Hoy se cumplen diez años del fallecimiento del que fuera singular y admirado entrenador del Basket Zaragoza. «Sería muy duro pensar que vives sin que nadie te quiera», dijo en una ocasión en una entrevista. Pepelu ha conseguido que quienes le despidieron en aquel desgarrador octubre de 2014 le sigan queriendo más allá de la última frontera de la vida, en el tiempo congelado donde nunca se pone el sol. (Recupero el texto que publiqué entonces en el Periódico de Aragón como nuevo y modesto homenaje a su figura, a él).
José Luis Abós ha dejado el pabellón muy alto como ser humano y como entrenador. Hoy las esquelas destacan su nombre y las lágrimas rojas de la Marea y de la familia caísta humedecen las calles de su ciudad cual manto inconsolable. También se apodera el coraje de quien, sin estar tan próximo a su biografía, siente la aflicción de su marcha prematura. El dolor es un propiedad personal a quien cada uno pone fecha de caducidad cuando lo considera oportuno o el tiempo se lo permite. El luto es otra cosa y, desde luego, por Pepelu el crespón negro no debería conservarse más allá del protocolo necesario.

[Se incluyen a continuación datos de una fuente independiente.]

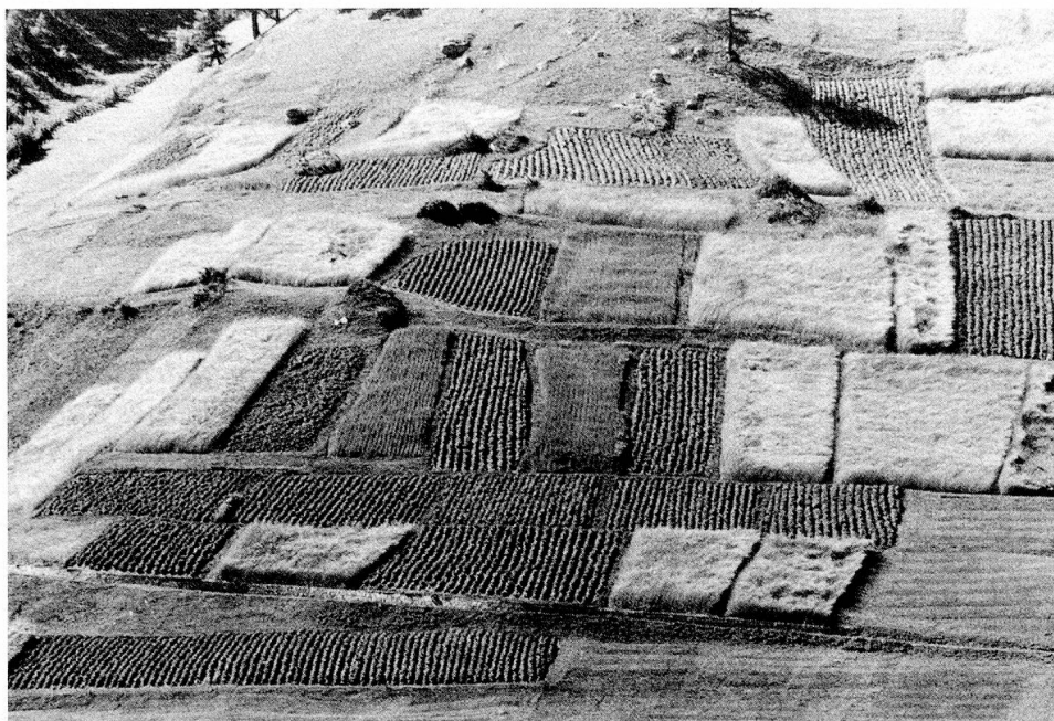
Les paysans de montagne doivent travailler leurs champs dans des conditions plus dures. Notre photo: Près de Ulrichen (VS).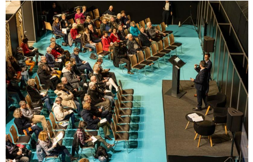
LES CONFERENCES, ATELIERS ET ANIMATIONS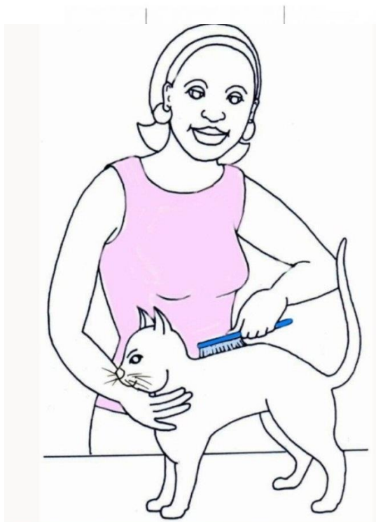
Pani czesze kota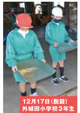
12月17日(脱穀) 外城田小学校3年生

子どもたちは、JA職員や女性部の協力と指導のもと昨年7月に種まきした大豆「フクユタカ」の収穫や脱穀を行いました。大豆を株元から引き抜き、紐で束ねて風通しのいい所にはざ掛けなどして乾燥させました。また、乾燥した大豆をシートに挟んで踏んだり、手作業でさやから取り出しました。殻や大きいゴミをより分け、箕やふるいを使ってカラやゴミと大豆を分けました。また、唐箕にも挑戦し、貴重な体験ができました。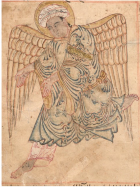
Resim 18. Azrail tasviri, AMĞM, 1280, Münih Staatsbibliothek, MSS cod. arab. 464, 34a

( https://www.digitale-sammlungen.de/en/view/bsb00045957?page=72,73 )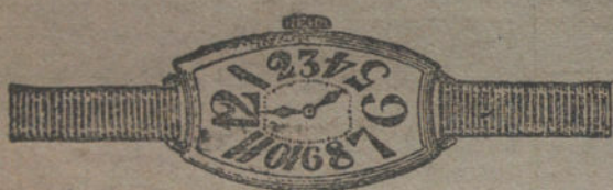
Núm. 4.—Ancora de forma oro de ley 18 quilates con pulsera de moiré. Pesetas 140.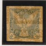
Sobre 30h. (nº 12) invertido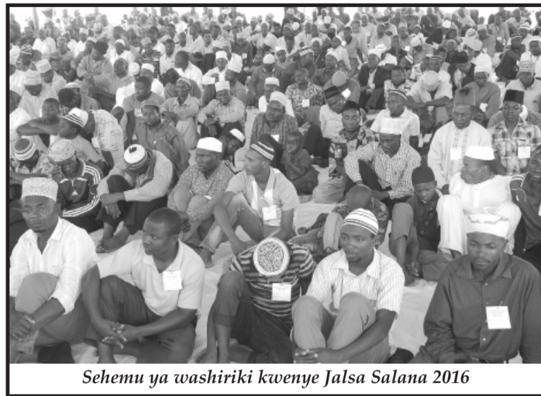
Sehemu ya washiriki kwenye Jalsa Salana 2016

Kwa mara ya kwanza katika historia ya Jumuiya hasa katika mikutano ya Jalsa na hii ikiwa ni Jalsa ya 47 mwaka huu tuliweza kuwa na mgeni rasmi Rais Mstaafu wa Awamu ya Pili Alhaji Ally Hassan Mwinyi, ambae amekuwa akialikwa mara kadhaa lakini mwaka huu kwa fadhila za Mwenyezi Mungu aliweza kufika katika Jalsa. Katika salamu zake, mzee Mwinyi alisisitiza sana juu ya umuhimu wa amani miongoni mwa Jamii za kiislam, na kuwa mifarakano si mizuri kwani inarudisha nyuma maendeleo ya watu. Alipongeza sana jumuiya kwa kufanikisha mkutano huo mkuu wa mwaka na kusema hilo ni jambo zuri kwa Waislam kukutana na kukumbushana mambo mbalimbali ya kidini

Abós cumplió su sueño. Muy pocos pueden decir que han alcanzado ese techo de la vida. La crueldad de la enfermedad y su grosera descortesía no logran desfigurar la estampa de un triunfador consigo mismo. La tristeza debe quedar así alambrada en el lugar que le corresponde, sin que, en ningún momento, desplace de este valle la belleza de los paisajes íntimos. Apasionado de su profesión, alegre e inteligente, el técnico aceptó el reto de la aventura del primer al último cuarto de su rica existencia. Y ganó. Puede que hablemos de la plenitud aunque ahora la mano de la partida la tenga el sufrimiento
Hay gente mucho más cualificada y documentada para hablar y glosar sus valores. De ellos sobresalía uno en su patrimonio gestual que amansaba la resistencia de los corazones con quienes entablaba amistad o una mínima aproximación. Su sonrisa de medio lado, sincera y cómplice, era la de un seductor convencido de la conquista, bautizado por la felicidad. Esa sonrisa de ala ancha, forjada en gran parte sobre el yunque del penitente, contagiaba bienestar, sabiduría y humanidad.
Algunas derrotas como esta hay que observarlas con perspectiva para descubrir hasta qué punto la muerte ha triunfado. Por su puesto ha hecho su trabajo cotidiano, la de recoger almas a granel sin detenerse a comprobar el tamaño de la huella de sus víctimas. José Luis Abós buscó la máxima amplitud de su latido y transmitió esa onda entusiasta con explosiva sencillez, con mesura. Sonreír como lo hacía no es sencillo. Pero deberíamos intentarlo para hollar la montaña sobre la que ahora nos contempla radiante, ajeno al valle de la sombra.